By Kurtis Ming

Careful not to burn a batch of cookies, Carmella Takacs wishes the medi-spa she went to was just as cautious with her skin during her laser treatment.

“All of a sudden I see all these marks from the laser burn marks,” she recalls.

The senior from Concord went in for a laser wrinkle treatment at a medi-spa that has since gone out of business inside a mall.  She says the nurse who was supposed to remove her wrinkles turned the laser too high, scarring her face and causing excruciating pain.

“I was afraid to go out of the house. I was crying. I was depressed.”

Tamra Pierce of Newcastle went to a medi-spa inside a Roseville salon for Botox injections. Instead she says the nurse injected her with a different type of filler leaving her with two black eyes and a swollen face that lasted weeks.

“The doctor I went to see said I could have lost my eyesight.”

In both cases doctors names were tied to the medi-spas, but no doctor was there that day.

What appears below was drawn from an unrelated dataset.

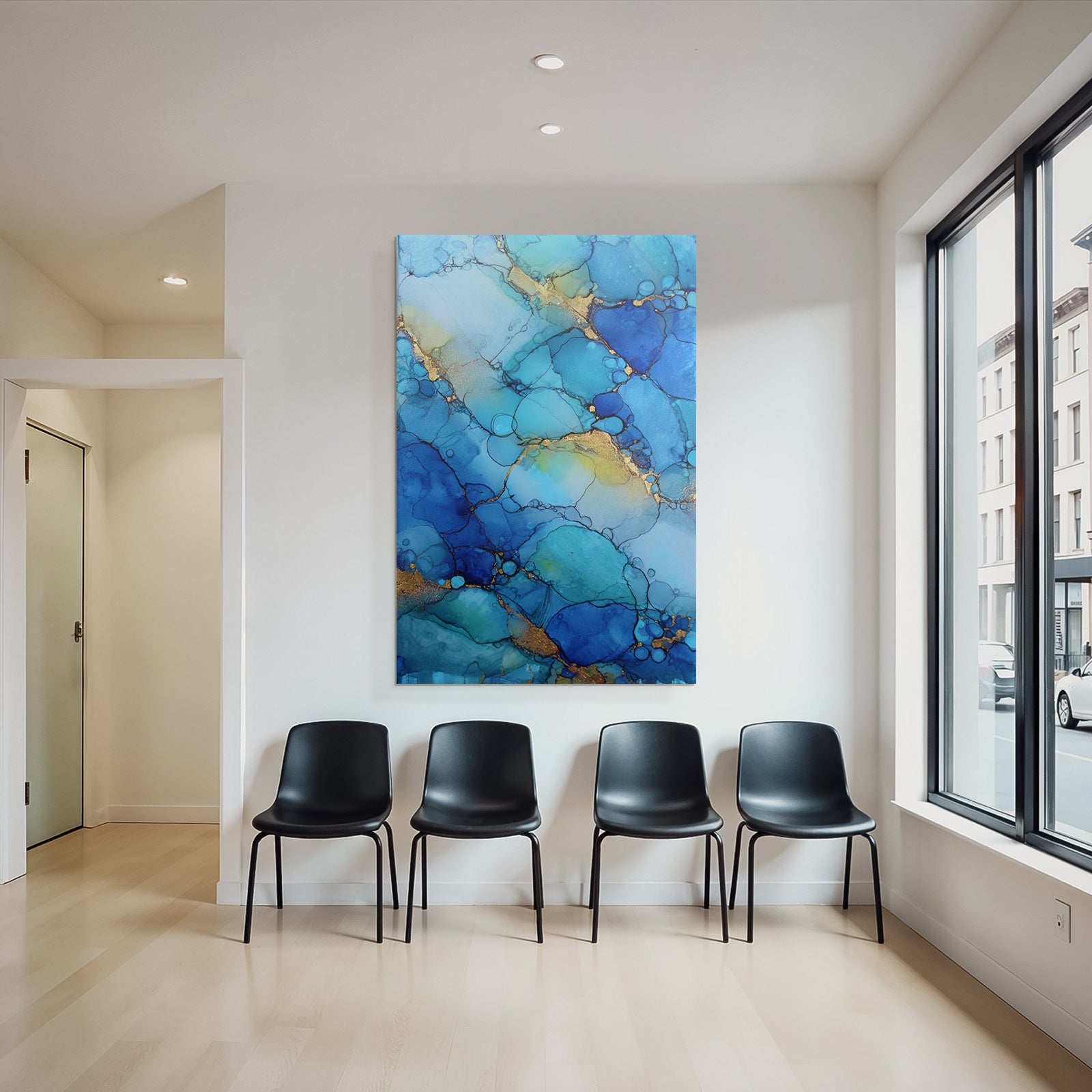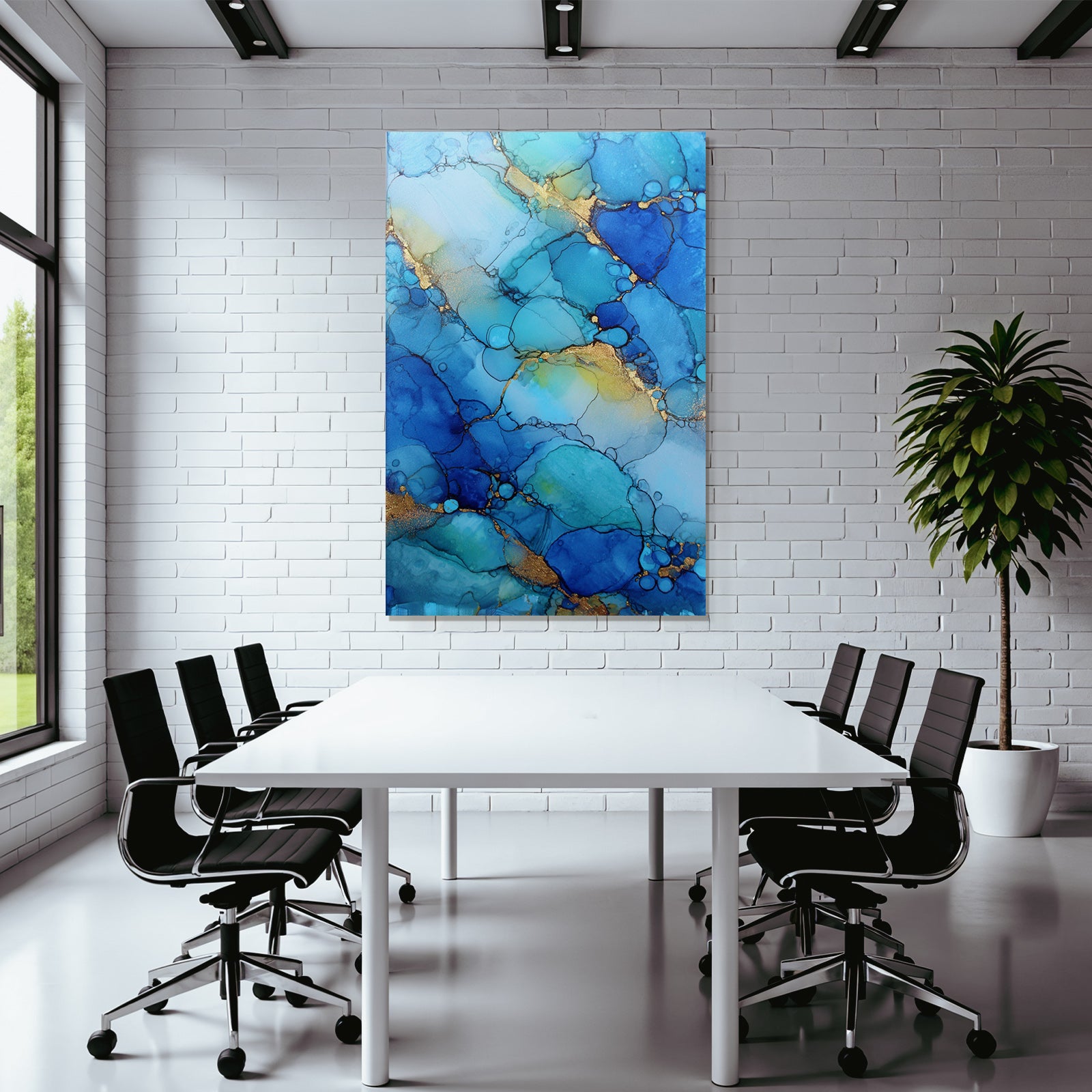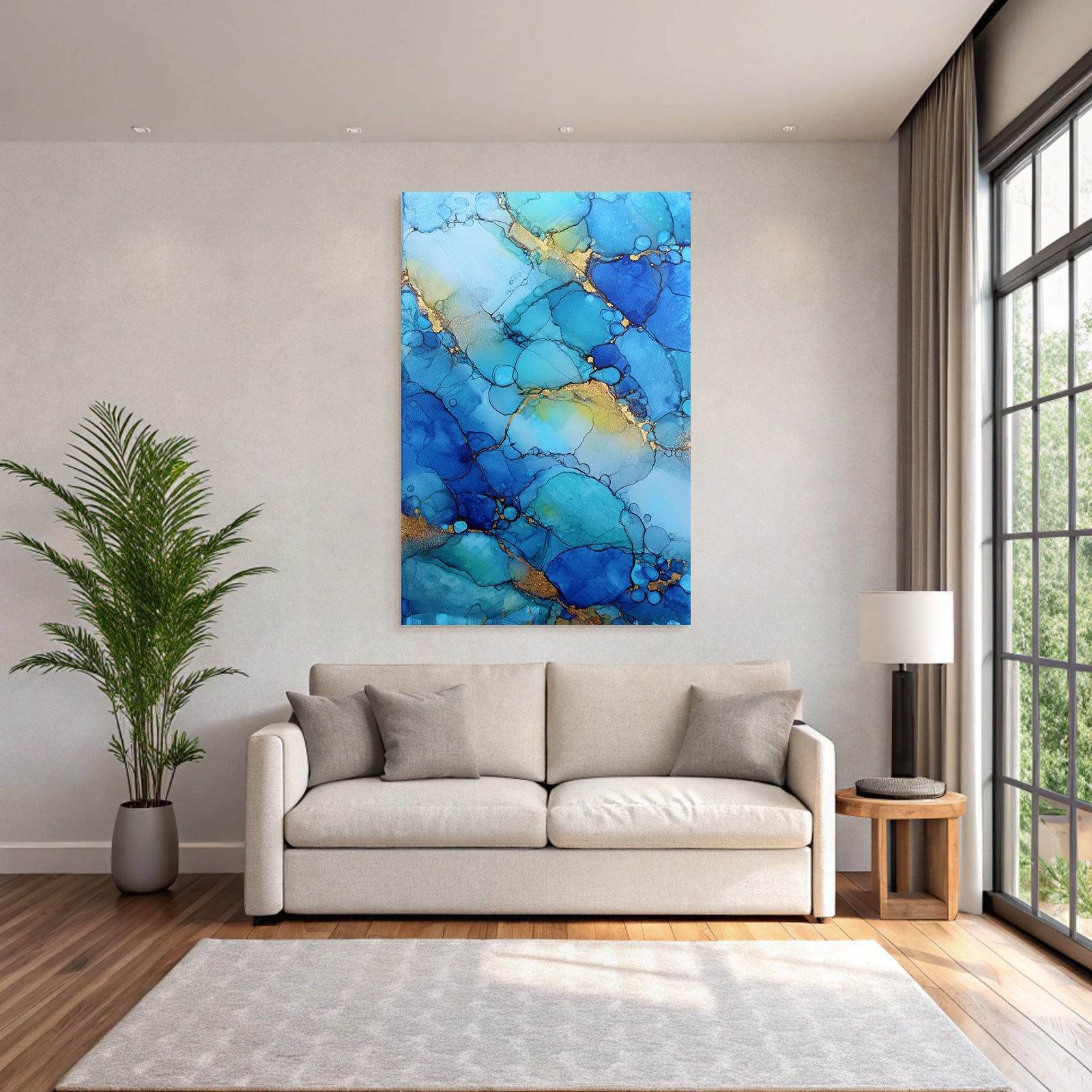 Kunstwerk In Blautürkis Mit Goldakzenten

The medi-spa industry has exploded in popularity, growing from 225 locations a decade ago to 1750 in 2011, according to the International Spa Association.

Board Certified Dermatologist Dr. Christine Lee says consumers should not be fooled by a doctor’s name on the door of a medi-spa because they may just lend their name to the clinic to collect a paycheck. She says in many cases, nurses and even estheticians are performing these procedures.

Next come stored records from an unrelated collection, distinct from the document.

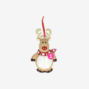 Our hand-made ceramic personalised Christmas decoration is the perfect way to add a bit of personality to your Christmas decor. It’s got an adorable Christmas Hat you can customise with the names of your loved ones—how sweet is that? This adorable reindeer ornament features a bright red nose, reminiscent of Rudolph, along with wide, joyful eyes and antlers. Wrapped in a cozy red scarf with white snowflakes.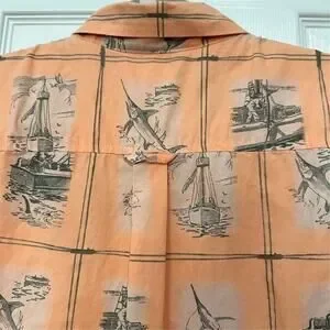 Columbia River Lodge Men's XL Peach Fish Print Button-Up Shirt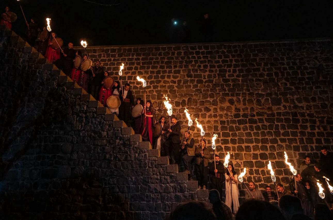 75 kesên li erbanê dixin, bi 75 erbaneyan derketin ser Bircên Amedê û bi erbane û meşaleyan Newroz pîroz kirin.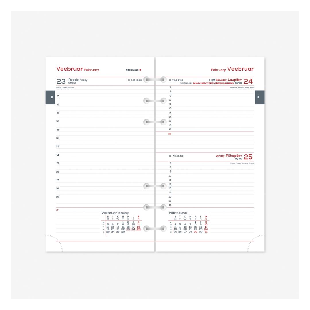 Koko: 95 x 168 mm Kieli: viro ja englanti Rei'itetty irtolehti (6 reikää) Rei'itetyt kulmat Sopii seuraaviin kansiin: MIDI Timex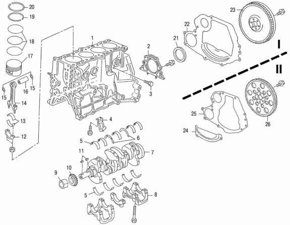 Рис.2. Детали блока цилиндров и кривошипно-шатунного механизма двигателя GA16DE: I — с механической коробкой передач; II — с автоматической коробкой передач;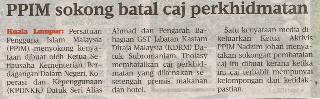 2551) HARIAN METRO – 09/04/2015 – PPIM Sokong Batal Caj Perkhidmatan

“Most of these places are almost never operating with a doctor on site,” she said.

She shared graphic photos of what can happen. One patient who went in for laser hair removal ended up with burns resembling zebra stripes across her face. A bad botox injection caused nerve damage to another woman forcing a patient’s eye shut for an entire year. Lee warned the harm can last forever.

We went undercover to see who was on duty at three Sacramento Valley medi-spas.

At each location, our producer posed as someone wanting laser hair removal and Botox and was told no doctor was present. Instead, she was told nurses do the procedures.

Producer: “So now when it comes to the Botox and laser hair, who does it? Does a doctor have to do that?”

Medi-Spa Nurse: “Nope, nope. You don’t want the doctor doing it because he doesn’t do ’em like we do.”

Two nurses told our producer she would meet a doctor first, although it may happen through a webcam.

Tricia Hunter with the American Nurse’s Association of California says a doctor should be in a medi-spa regularly. She says no state agency is adequately watching over the industry.

“We license barber shops,” she said. “Why wouldn’t we license a med spa?”

Hunter argues a properly trained nurse is qualified to carry out treatments as long as a doctor is within reach, but she says the California Medical Board has never defined proper supervision. Should a doctor be on site, within a few miles or halfway around the world reachable by phone? She thinks the Medical Board should have established a definition by now.

“What’s taking so long?” Kurtis asked Medical Board Spokesperson Russ Heimerich.

“That I really don’t know,” he answered. “I know that clarifications are coming.”

The Medical Board says it doesn’t dictate how doctors run their practice and if nurses are performing treatments they must follow a doctor’s “standardized procedure”, which should outline how the practice is run. The Medical Board has not weighed in on whether a patient can have an initial exam through a web cam.

The board is now proposing supervision regulations for laser treatments saying a doctor must be ”immediately available” defined as “contactable by electronic or telephonic means without delay, interruptible, and able to furnish appropriate assistance and direction throughout the performance of the procedure”.

“Based on the definition you gave, a doctor could be available by email in Europe?” Kurtis asked Heimerich.

“A doctor could be available through email in Europe yes, if they are immediately available to assist in treatment. A lot of this is going to be on the physician to exercise judgment,” Heimerich answered.

It doesn’t go far enough for Carmella who wishes a doctor was there the day she was burned. After years of follow-up treatment, her scars have faded to the point make-up covers them.

Tamra lives with what appears to be a permanent pimple on her face from her injection. The nurse who treated her now works out of another salon.

Both women think their injuries never would’ve happened, if a doctor was there when they were treated.

“I just hope other people that go, that they have learned enough from all these people that have been burned to make sure they see a doctor,” Carmella said.

The International Spa Association says its medical spa members must have a full-time licensed health care professional on-site, which is further defined as a health professional who has earned a degree of Doctor of Medicine (M.D.). These types of medical doctors may include primary care physicians, surgeons, internal medical doctors, dermatologists, gynecologists, obstetricians, emergency medicine doctors and anesthesiologists.

“The International SPA Association recommends leaving invasive medical procedures to licensed and board certified medical doctors,” said organization President Lynne McNees. She recommends “leaving the invasive medical procedures to medical professionals. Spas are not meant to serve as a replacement for your primary care doctor.”